The Council adopted the final draft Optional Protocol on a communications procedure for children’s rights violations. The new protocol will enable the Committee on the Rights of the Child to examine communications from children and their representatives alleging violations of their rights.

For further information on the adoption, together with NGOs’ response and what it means for children’s rights:


Sexual Orientation and Gender Identity

In a groundbreaking achievement for upholding the principles of the Universal Declaration of Human Rights (UDHR), the United Nations Human Rights Council (the Council) passed a resolution on human rights violations based on sexual orientation and gender identity. (L9/rev1).

It is the first UN resolution ever to bring specific focus to human rights violations based on sexual orientation and gender identity, and affirms the universality of human rights, as well as drawing on concerns about acts of violence and discrimination based on sexual orientation and gender identity.

International Service for Human Rights (ISHR) said the commitment of the Human Rights Council sends an important signal of support to human rights defenders working on these issues, and recognises the legitimacy of their work.

What next?

A study, to be completed by December 2011, will both document discriminatory laws, practises and acts of violence against individuals all over the world based on their sexual orientation and gender identity, and assess how international human rights law could be used to end violence and related human rights violations based on sexual orientation gender identity.

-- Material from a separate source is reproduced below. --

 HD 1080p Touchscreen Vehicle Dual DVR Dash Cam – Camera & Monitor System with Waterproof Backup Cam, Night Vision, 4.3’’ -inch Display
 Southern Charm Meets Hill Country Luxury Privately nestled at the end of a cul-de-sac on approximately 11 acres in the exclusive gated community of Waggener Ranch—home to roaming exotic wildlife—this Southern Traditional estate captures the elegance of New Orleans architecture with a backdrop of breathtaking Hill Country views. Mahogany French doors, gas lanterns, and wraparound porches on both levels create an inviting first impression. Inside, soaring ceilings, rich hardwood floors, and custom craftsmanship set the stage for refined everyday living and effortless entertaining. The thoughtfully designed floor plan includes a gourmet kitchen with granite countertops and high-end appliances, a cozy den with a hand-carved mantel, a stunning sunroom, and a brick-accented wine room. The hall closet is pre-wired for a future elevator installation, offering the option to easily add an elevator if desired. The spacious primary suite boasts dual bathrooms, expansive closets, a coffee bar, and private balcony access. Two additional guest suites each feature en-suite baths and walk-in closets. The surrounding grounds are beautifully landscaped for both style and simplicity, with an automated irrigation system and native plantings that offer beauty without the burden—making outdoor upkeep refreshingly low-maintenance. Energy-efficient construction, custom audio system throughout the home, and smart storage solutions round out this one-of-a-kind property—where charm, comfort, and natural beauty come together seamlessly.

Based on the study, a panel discussion will take place during the 19th session of the Council.


Business and Human Rights

On 16 June, the Council endorsed a new set of Guiding Principles for Business and Human Rights designed to provide – for the first time – a global standard for preventing and addressing the risk of adverse impacts on human rights linked to business activity.

NGO criticism

The Guiding Principles were criticised by many NGOs, with Arvind Ganesan, business and human rights director at Human Rights Watch, saying: “In effect, the council endorsed the status quo: a world where companies are encouraged, but not obliged, to respect human rights. Guidance isn’t enough – we need a mechanism to scrutinize how companies and governments apply these principles.”

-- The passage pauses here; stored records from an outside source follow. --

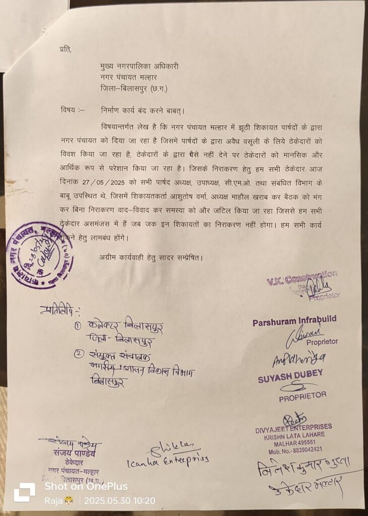 मस्तूरी। नगर पंचायत मल्हार के ठेकेदारों ने किया लिखित में नगर सीएमओ को शिकायत पार्षदों के द्वारा नगर पंचायत मल्हार के ठेकेदारों को जानबूझकर परेशान किया जा रहा है जिसमें पार्षदों के द्वारा अवैध वसूली के लिये ठेकेदारों के कामों को रोककर विवश किया जा रहा है,साथ ही झूठी शिकायत कर ठेकेदारों को पैसे नहीं देने पर मानसिक और आर्थिक रूप से पार्षदों के द्वारा लगातार परेशान किया जा रहा है। जिसके समाधान के लिए सभी ठेकेदारो ने नगर पंचायत मल्हार में आयोजित 27/05/2025 के बैठक में सभी पार्षद अध्यक्ष, उपाध्यक्ष, सी.एम.ओ. तथा संबंधित विभाग के बाबू उपस्थित थे,वही ठेकेदारों ने पार्षदों के खिलाफ कठोर कार्यवाही करने की मांग किया है शिकायतकर्ताओ ने आरोप लगाया है कि , अध्यक्ष विवाद का समाधान न कर ओर माहौल को खराब कर बैठक को भंग कर दिया बिना निराकरण वाद-विवाद की समस्या को और जटिल किया जा रहा जिससे सभी ठेकेदारों के बीच में असमंजस की स्थित बना हुआ है जब तक इन शिकायतों का निराकरण नहीं होगा। तब तक सभी निर्माण कार्य को बन्द रखा जाएगा । ठेकेदारों ने किया लिखित में शिकायत।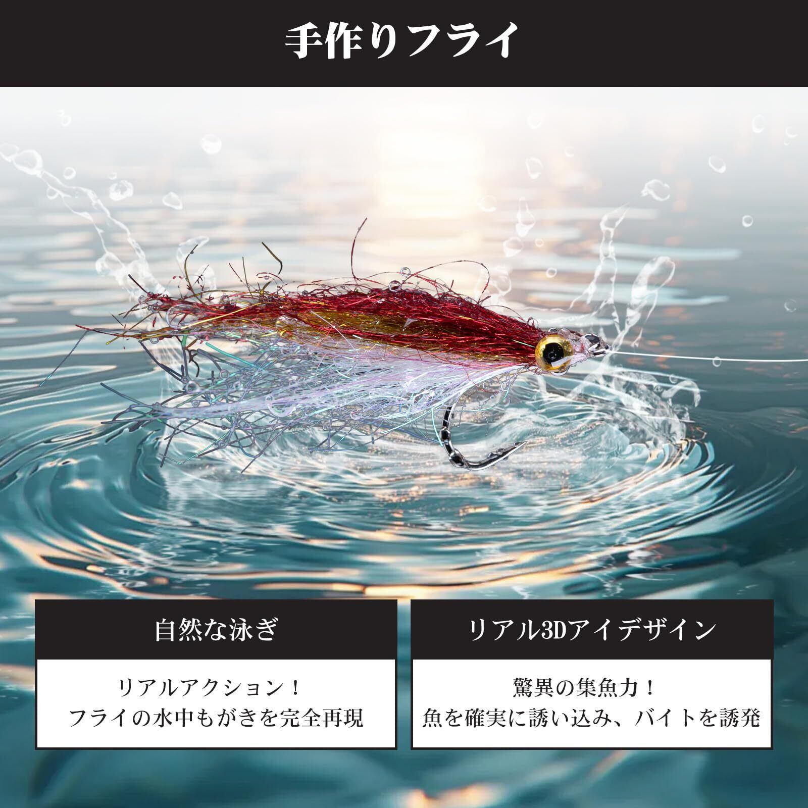 【それぞれ異なるリアルな泳ぎの動き】3種類のフライがそれぞれ独自の泳ぎを再現し、抜群の誘魚力を発揮。ベイトフィッシュ・ストリーマーは素早く自然な遊泳を模倣したダブルフック装備でフッキング率向上、ウーンデッド・ミノーは不規則なもがき動作で好奇心旺盛な魚や活性の低い魚を効果的に誘引、クレイジー・チャーリーは高速点滅動作で視認性が高く広範囲の探査を可能にします。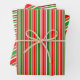 Red, White, Green Coloured Christmas Themed Lines Wrapping Paper Sheet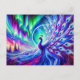 Abstract Peacock in Winter with Northern Lights Postcard

CRIN also criticised the Guiding Principles, lamenting the absence of children’s rights. “We cannot see how the adopted Principles are consonant with the ‘special attention’ envisioned for children in the Special Representative’s mandate”, CRIN stated.

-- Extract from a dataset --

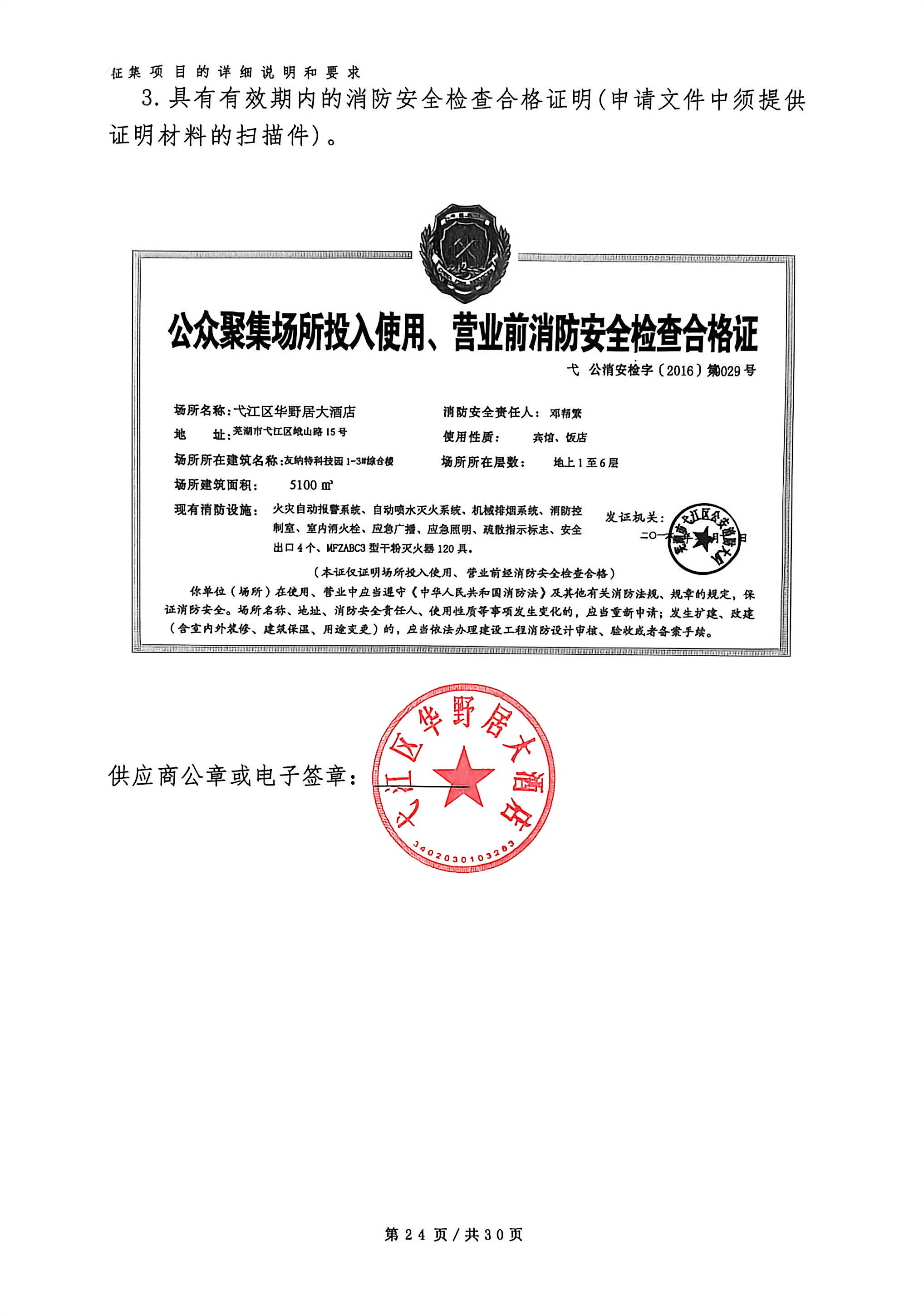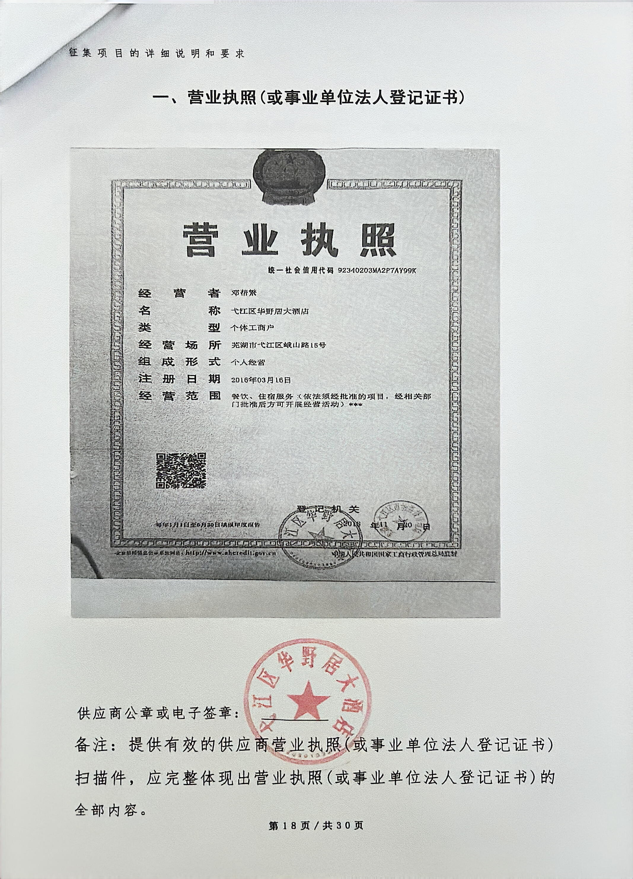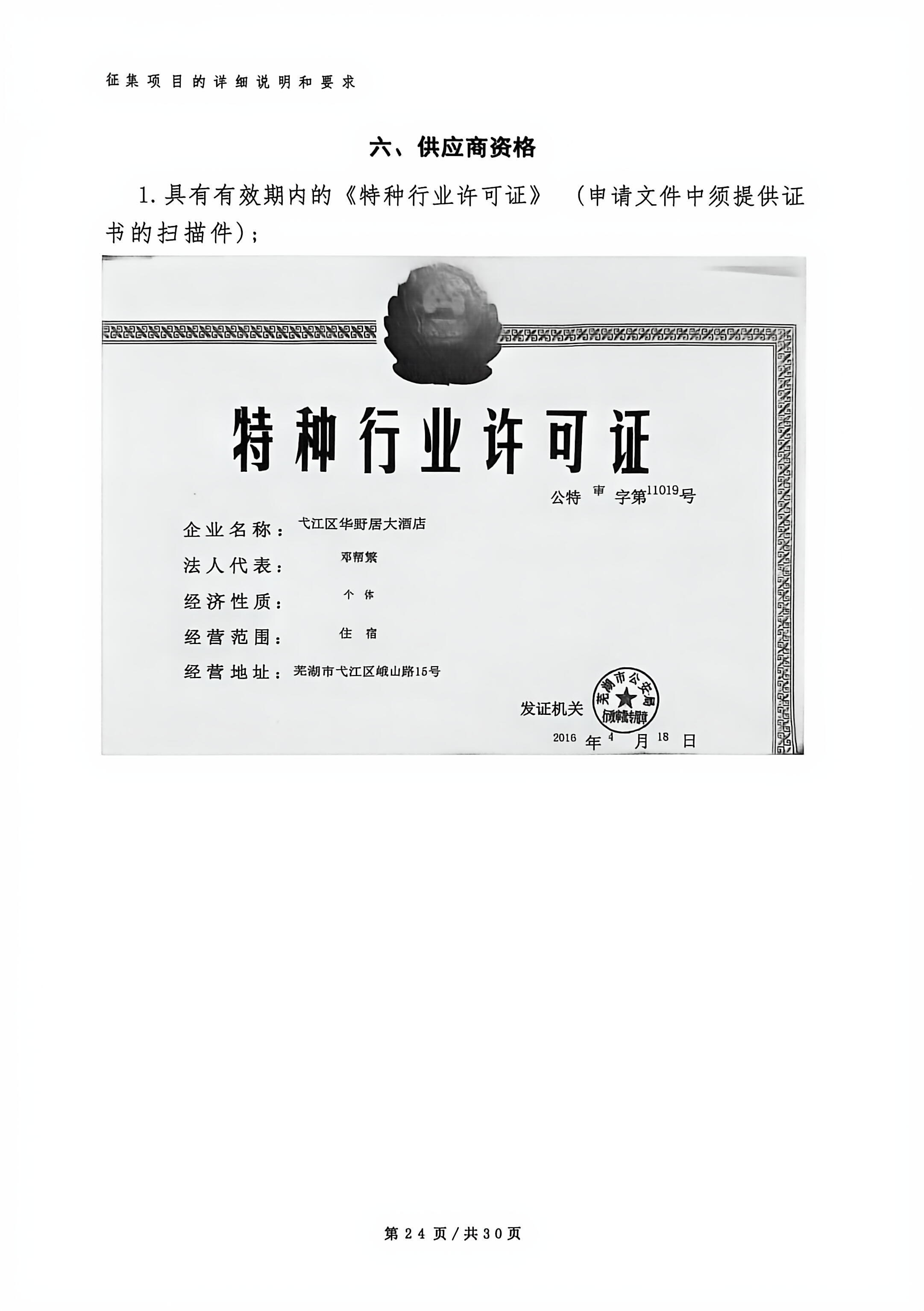 供应商名称:弋江区华野居大酒店

“Given this failure, we now call on those responsible for monitoring and implementing the Principles to revisit the issue of business and children’s rights and ensure that the newly adopted Principles in practice genuinely respect children’s rights, fully address children’s unique vulnerability, and provide thorough and thoughtful direction on the subject of business and children’s rights to States and business enterprises alike.”

What next?

A Working Group will be established, consisting of five independent experts with a balanced geographical representation. The experts, who will take on the role for a period of three years, will be appointed at the 18th session of the Human Rights Council in September.